Какие выводы сделала комиссия, Шеляденко не знал. Однако неожиданный налет всех всполошил. Петр Никитич, являвшийся генеральным подрядчиком, стал приезжать каждое утро, созывал своих руководящих работников и субподрядчиков — «субчиков», как называл их. После третьего совещания обратился к Шеляденко:
— Строим для тебя, а ты нам, батя, не хочешь платить? Что верно, то верно: требуй, тряси нас. Но…

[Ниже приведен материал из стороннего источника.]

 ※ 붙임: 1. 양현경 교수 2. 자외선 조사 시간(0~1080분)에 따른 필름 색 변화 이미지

— Вас потрясешь! Трэба було б тоби, голуба, — глянул на высоченного Петра Никитича и впервые запнулся на любимом слове. Поправился на ходу: — Трэба було б тоби, товарыщ, раньше сюды навидатыся.

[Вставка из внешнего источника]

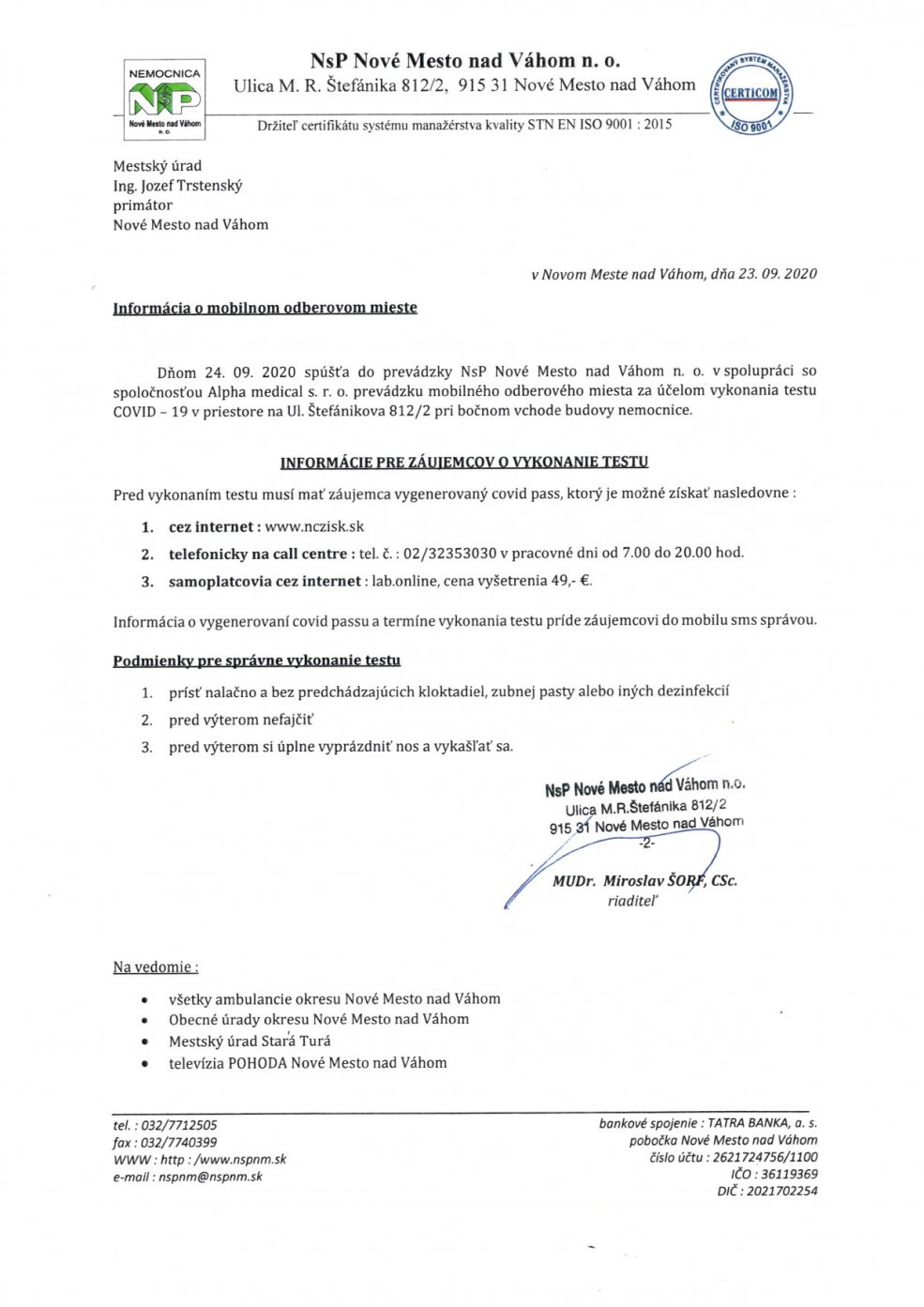 Informácia o mobilnom odberovom mieste

Совещание дружно смеялось. Смеялся и сам Петр Никитич.
Потом Петр Никитич стал появляться реже, по вторникам. Снимал свой коверкотовый мантель, облачался в рабочую робу и сразу же уходил в бригады: ловко лазал на леса, спускался в подвальные помещения, где цементировали полы. Возвращался, сбрасывал робу и, приняв душ, отбывал.
Дело заметно двинулось вперед.
Глава XII
Есть люди, чей авторитет покоится на том, что они никому не мешают. Такие слывут хорошими. Если бы Смагин, поставленный руководить, ограничивался бы тем, чтоб не мешать! Но… «ваша работа, дорогая Олюшка, чрезвычайно актуальна». А сам под всяческими предлогами тормозит, отодвигает ее. И, что совсем абсурдно, в темплан следующего года вписал Глебовой «Обобщение опыта фильтрационных исследований по проектированию подземного контура гидросооружений». Хотя самому хорошо известно, что сделать это, пока не завершится предыдущая тема ее, Колосовой, невозможно.
Лаборатория развивала три основных направления теории фильтрации. За годы, что пробыла здесь Ольга, было опубликовано пять монографий — из них две зимневские, и большое количество статей. В ближайшее десятилетие в стране предстоит построить около ста гидростанций, обводнить миллионы гектаров засушливых земель. И Ольга для включения в план института выдвинула тему, на выполнение которой требовалось три года. Она была одобрена ученым советом, обсуждалась на Всесоюзном координационном совещании. А Смагин срок выполнения сократил до двух лет и на финансирование вместо тридцати тысяч рублей отпустил только десять. Нелепо!
Пользуясь положением председателя секции ученого совета, он тенденциозно подобрал рецензента и добился от него отрицательного отзыва на незаконченную ею работу. Ловила Смагина и на том, что умышленно задерживал ее статьи, чинил глупые препятствия, когда создавала прибор для исследования методом ЭГДА.
Как заместитель заведующего лабораторией, она однажды обещала профессору из Сибири заняться совместной разработкой режима грунтовых и подземных вод Кулундинской степи. Смагин наотрез отказал: «Не соответствует профилю института». Почему не соответствует?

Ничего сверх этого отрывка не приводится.